**Your goal:**
Beginning at the top of the data below, write out every line exactly until you reach the line with "prysznicowa, podtynkowe WC.", and include that line.

**Data block:**

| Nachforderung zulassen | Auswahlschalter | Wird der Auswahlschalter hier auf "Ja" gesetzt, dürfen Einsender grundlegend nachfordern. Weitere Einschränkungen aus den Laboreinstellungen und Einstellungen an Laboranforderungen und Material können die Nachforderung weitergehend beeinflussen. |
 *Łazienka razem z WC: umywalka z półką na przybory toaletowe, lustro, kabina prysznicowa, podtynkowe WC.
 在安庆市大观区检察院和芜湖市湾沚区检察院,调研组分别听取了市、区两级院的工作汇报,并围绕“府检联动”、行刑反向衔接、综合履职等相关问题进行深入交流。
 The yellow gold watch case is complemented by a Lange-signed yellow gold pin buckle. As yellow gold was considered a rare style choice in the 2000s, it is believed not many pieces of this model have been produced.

**Answer for this exercise:**
| Nachforderung zulassen | Auswahlschalter | Wird der Auswahlschalter hier auf "Ja" gesetzt, dürfen Einsender grundlegend nachfordern. Weitere Einschränkungen aus den Laboreinstellungen und Einstellungen an Laboranforderungen und Material können die Nachforderung weitergehend beeinflussen. |
 *Łazienka razem z WC: umywalka z półką na przybory toaletowe, lustro, kabina prysznicowa, podtynkowe WC.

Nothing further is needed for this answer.